BRIEF: Start to finish, return the listing below exactly, pictures excluded.

EXERCISE DATA:
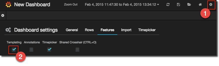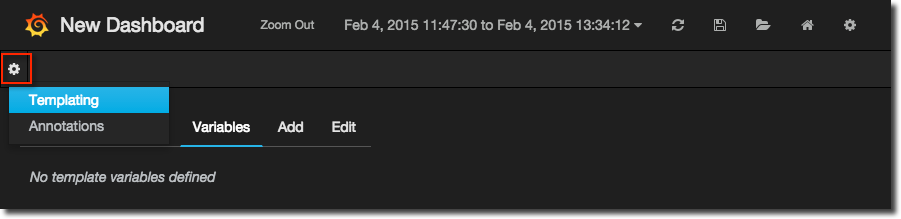 To create a template you first need to enable it per dashboard, using the cog icon in the top-right of the dashboard:
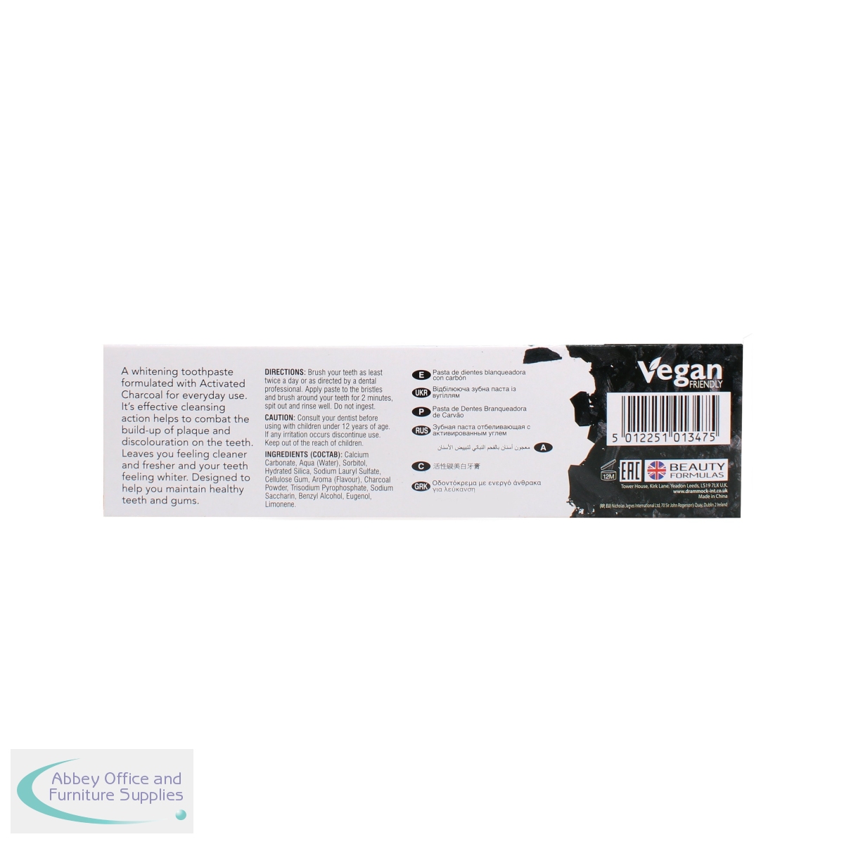 A whitening toothpaste formulated with activated charcoal for everyday use. Effective cleansing action helps to combat the build-up of plaque and discolouration on the teeth. Leaving the mouth feeling cleaner and fresher and teeth whiter. 100ml tube of toothpaste and toothbrush included in the pack. Pack of 12.
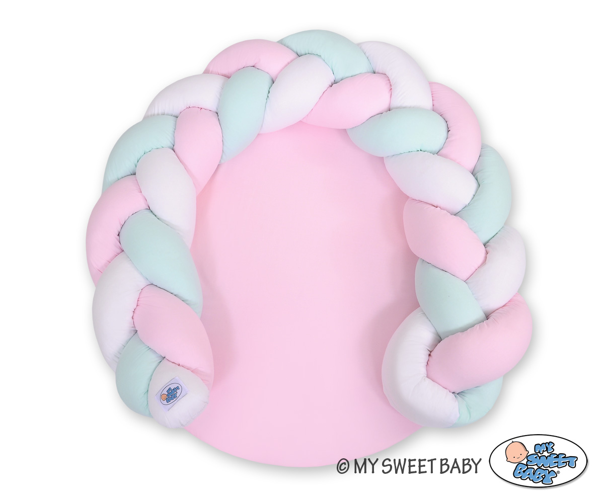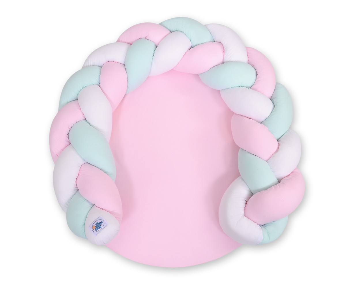 Multifunctional braided baby donut pillow. This two in one pillow can be used as a donut pillow for your baby to lie down on or untie the ribbons and use the braid as a cot bumper. The baby donut pillow is a great solution from the first months of the baby's life. It can be used from the first days as a safe baby nest and later as a cozy place to play.
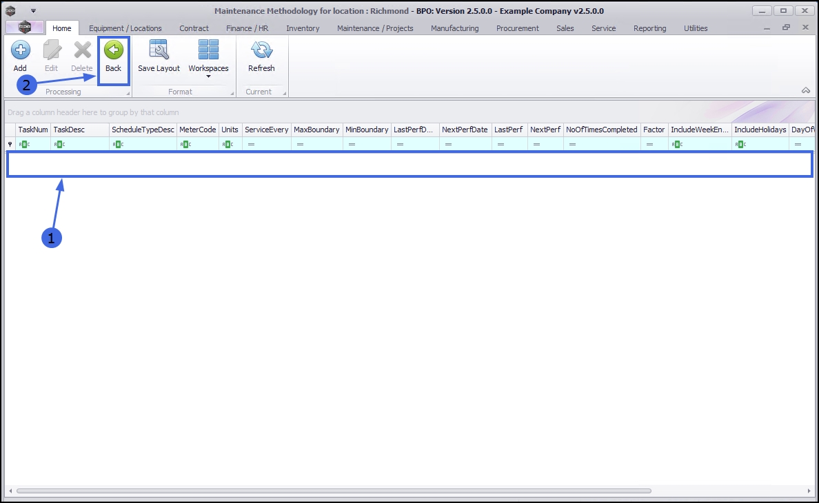 - Select the row of the location where you wish to link Maintenance Tasks.
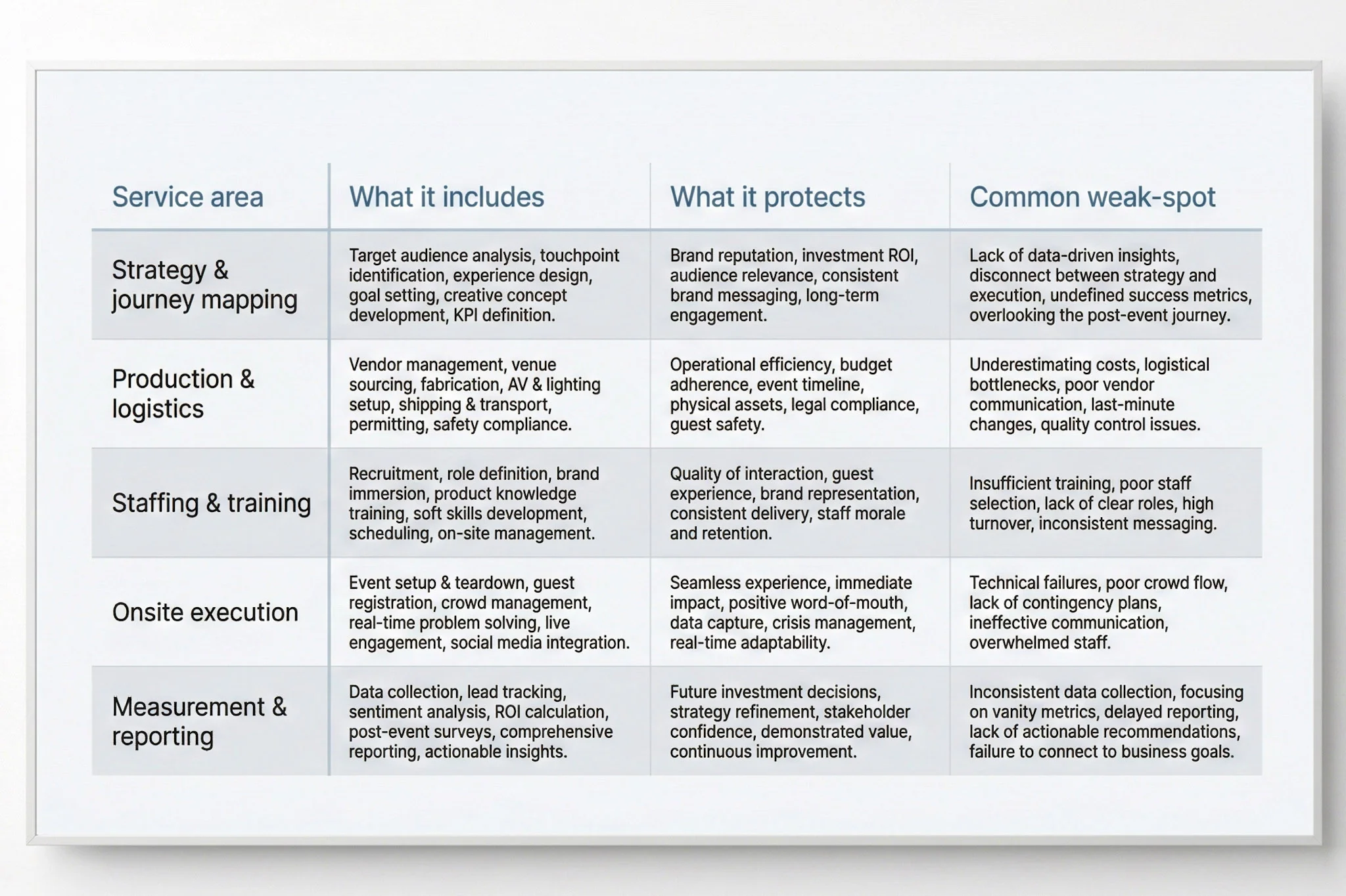 Strong services for branded event activations aren’t one thing. They’re a stack of controls that hold the day together.

YOUR RESPONSE:
 To create a template you first need to enable it per dashboard, using the cog icon in the top-right of the dashboard:
 A whitening toothpaste formulated with activated charcoal for everyday use. Effective cleansing action helps to combat the build-up of plaque and discolouration on the teeth. Leaving the mouth feeling cleaner and fresher and teeth whiter. 100ml tube of toothpaste and toothbrush included in the pack. Pack of 12.
 Multifunctional braided baby donut pillow. This two in one pillow can be used as a donut pillow for your baby to lie down on or untie the ribbons and use the braid as a cot bumper. The baby donut pillow is a great solution from the first months of the baby's life. It can be used from the first days as a safe baby nest and later as a cozy place to play.
 - Select the row of the location where you wish to link Maintenance Tasks.
 Strong services for branded event activations aren’t one thing. They’re a stack of controls that hold the day together.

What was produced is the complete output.